German Chancellor Angela Merkel has weighed in heavily against the decision to ban U.S. President Trump's account by blasting Twitter. Merkel’s chief spokesman, Steffen Seibert, told reporters in Berlin on Monday that "The right to freedom of opinion is of fundamental importance. Given that, the chancellor considers it problematic that the president’s accounts have been permanently suspended."


Seibert added that while Twitter was right to flag Trump’s inaccurate tweets about the 2020 U.S. election, banning his account altogether was a step too far. He added that governments, not private companies, should decide on any limitations to freedom of speech.

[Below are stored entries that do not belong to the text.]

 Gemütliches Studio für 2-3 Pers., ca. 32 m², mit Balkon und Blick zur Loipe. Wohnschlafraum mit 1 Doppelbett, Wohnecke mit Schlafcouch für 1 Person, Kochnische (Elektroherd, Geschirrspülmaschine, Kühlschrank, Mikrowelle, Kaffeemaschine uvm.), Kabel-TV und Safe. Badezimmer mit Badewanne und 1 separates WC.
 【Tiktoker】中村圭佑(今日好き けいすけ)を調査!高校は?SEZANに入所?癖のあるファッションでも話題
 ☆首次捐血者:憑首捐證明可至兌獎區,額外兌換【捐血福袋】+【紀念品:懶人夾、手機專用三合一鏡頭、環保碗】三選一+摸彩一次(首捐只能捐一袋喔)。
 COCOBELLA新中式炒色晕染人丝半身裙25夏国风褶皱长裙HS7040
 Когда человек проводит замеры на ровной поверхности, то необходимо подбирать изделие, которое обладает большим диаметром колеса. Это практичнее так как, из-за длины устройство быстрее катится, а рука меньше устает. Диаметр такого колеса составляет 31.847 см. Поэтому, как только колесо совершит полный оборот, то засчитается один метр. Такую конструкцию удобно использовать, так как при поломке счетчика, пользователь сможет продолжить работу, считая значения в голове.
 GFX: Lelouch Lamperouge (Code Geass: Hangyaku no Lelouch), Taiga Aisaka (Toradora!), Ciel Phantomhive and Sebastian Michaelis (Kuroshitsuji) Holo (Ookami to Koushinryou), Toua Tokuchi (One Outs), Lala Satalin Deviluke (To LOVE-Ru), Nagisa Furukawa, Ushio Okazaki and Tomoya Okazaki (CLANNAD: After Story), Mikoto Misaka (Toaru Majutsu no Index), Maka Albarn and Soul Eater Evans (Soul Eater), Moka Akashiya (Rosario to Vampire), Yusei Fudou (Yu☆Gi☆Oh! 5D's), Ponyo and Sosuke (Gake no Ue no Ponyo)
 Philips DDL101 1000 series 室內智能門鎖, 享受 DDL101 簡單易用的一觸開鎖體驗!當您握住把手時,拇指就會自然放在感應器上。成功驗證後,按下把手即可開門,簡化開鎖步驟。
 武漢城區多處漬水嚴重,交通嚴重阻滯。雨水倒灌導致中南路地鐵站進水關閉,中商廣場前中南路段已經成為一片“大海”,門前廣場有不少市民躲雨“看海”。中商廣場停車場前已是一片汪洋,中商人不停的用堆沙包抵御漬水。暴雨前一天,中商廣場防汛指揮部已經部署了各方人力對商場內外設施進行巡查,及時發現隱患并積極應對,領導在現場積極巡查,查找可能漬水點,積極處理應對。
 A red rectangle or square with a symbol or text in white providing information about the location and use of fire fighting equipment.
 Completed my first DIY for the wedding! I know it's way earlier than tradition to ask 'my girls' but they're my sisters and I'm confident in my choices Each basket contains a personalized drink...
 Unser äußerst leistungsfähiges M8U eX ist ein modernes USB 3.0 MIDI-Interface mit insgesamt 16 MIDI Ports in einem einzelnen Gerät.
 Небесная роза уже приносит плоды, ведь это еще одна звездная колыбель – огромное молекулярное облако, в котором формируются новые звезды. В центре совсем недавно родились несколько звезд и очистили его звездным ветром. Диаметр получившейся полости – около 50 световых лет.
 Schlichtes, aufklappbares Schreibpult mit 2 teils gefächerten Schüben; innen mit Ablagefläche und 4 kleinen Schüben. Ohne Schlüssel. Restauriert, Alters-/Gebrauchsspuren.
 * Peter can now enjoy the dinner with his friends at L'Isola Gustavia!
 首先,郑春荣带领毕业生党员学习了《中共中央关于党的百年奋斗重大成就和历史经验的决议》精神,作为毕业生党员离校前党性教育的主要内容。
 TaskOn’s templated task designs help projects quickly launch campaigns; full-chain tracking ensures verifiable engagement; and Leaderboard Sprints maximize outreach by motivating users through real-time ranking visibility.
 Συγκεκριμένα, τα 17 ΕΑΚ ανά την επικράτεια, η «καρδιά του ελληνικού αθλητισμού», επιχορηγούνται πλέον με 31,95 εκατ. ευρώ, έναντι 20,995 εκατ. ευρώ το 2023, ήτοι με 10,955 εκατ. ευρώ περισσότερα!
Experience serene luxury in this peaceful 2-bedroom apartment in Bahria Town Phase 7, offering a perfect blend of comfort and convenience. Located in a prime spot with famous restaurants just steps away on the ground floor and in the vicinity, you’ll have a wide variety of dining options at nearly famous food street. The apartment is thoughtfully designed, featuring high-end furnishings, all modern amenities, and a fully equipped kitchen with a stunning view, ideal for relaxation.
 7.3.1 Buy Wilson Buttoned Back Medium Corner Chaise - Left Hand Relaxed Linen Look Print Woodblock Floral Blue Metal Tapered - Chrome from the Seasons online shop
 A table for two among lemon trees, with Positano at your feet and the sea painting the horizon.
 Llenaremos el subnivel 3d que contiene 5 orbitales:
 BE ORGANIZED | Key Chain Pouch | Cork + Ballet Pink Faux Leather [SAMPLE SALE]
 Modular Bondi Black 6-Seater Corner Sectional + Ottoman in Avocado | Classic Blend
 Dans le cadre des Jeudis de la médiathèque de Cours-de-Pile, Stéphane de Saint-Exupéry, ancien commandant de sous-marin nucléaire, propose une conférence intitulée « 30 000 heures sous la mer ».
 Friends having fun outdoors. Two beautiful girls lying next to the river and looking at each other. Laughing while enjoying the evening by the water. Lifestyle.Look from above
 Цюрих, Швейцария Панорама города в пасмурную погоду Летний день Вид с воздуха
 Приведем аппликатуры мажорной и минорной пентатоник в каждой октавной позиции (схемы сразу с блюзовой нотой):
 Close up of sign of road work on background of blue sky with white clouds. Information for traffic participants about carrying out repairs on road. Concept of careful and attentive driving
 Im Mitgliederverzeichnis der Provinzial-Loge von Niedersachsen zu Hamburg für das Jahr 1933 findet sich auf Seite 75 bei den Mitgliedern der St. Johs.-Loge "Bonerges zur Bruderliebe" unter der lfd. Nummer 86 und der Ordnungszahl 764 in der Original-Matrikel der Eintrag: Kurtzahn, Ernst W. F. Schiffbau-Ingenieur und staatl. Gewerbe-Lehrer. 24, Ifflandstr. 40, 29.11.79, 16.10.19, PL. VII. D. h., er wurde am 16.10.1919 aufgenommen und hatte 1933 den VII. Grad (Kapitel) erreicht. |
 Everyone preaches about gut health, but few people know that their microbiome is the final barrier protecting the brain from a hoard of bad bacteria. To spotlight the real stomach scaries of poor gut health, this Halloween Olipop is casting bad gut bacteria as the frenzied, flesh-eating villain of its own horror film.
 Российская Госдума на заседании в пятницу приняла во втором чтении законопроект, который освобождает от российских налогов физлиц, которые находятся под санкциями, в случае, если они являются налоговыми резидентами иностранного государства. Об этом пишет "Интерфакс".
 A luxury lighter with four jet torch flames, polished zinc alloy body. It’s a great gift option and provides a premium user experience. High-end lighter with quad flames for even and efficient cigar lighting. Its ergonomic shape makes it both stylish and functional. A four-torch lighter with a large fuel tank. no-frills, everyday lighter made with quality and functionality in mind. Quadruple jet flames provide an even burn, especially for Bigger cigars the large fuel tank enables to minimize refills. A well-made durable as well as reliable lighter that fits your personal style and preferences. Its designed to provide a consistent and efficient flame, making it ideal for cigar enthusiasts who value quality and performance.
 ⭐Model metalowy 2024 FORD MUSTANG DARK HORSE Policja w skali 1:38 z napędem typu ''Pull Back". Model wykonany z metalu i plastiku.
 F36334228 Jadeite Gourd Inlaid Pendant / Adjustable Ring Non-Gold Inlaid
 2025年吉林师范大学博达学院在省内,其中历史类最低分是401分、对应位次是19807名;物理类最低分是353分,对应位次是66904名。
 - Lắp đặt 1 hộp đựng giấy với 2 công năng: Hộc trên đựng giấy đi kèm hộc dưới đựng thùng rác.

Merkel is often described as the de facto leader of the European Union. Her apparent alignment with the president against the decision by Twitter to remove him came as a surprise.


Yet Merkel isn't alone in Europe waving a warning flag against tech companies like Twitter, Facebook, Amazon and Apple. The U.K. Health Secretary Matt Hancock and EU Commissioner for Internal Market Thierry Breton who is already angry with Apple, said it raises key questions about the power of tech companies and the need for regulation.


Breton said in a Politico opinion piece that "The fact that a CEO can pull the plug on POTUS’s loudspeaker without any checks and balances is perplexing. It is not only confirmation of the power of these platforms, but it also displays deep weaknesses in the way our society is organized in the digital space."


On Sunday Patently Apple posted a report titled "Apple & Social Media's Acts to Suppress Free Speech have been condemned by the ALCU, Putin's Opposition and more." In the report we stated: "If the EU Commission ever needed a clear-cut case of American Tech companies wielding too much power, this is it. The EU Commission already has the Apple App Store in its crosshairs for being a gatekeeper and the act of censorship could be what they need to justify the App Store being separated from Apple.


As noted, the EU Commissioner for Internal Market Thierry Breton, who is already angry with Apple along with France's Digital Minister Cedric O for not cooperating with their country's "StopCovid" app, said recent events raised key questions about the power of tech companies and the need for regulation.


While U.S. tech companies have a short term gain in popularity for shutting out conservative voices from the American landscape, there will likely be a high price to be paid for their actions in Europe, if not the U.S. over time. 


How much of the rhetoric from Mr. Breton is simply political puffery for the press or insight as to what may take place later this year against U.S. tech companies is unknown at time.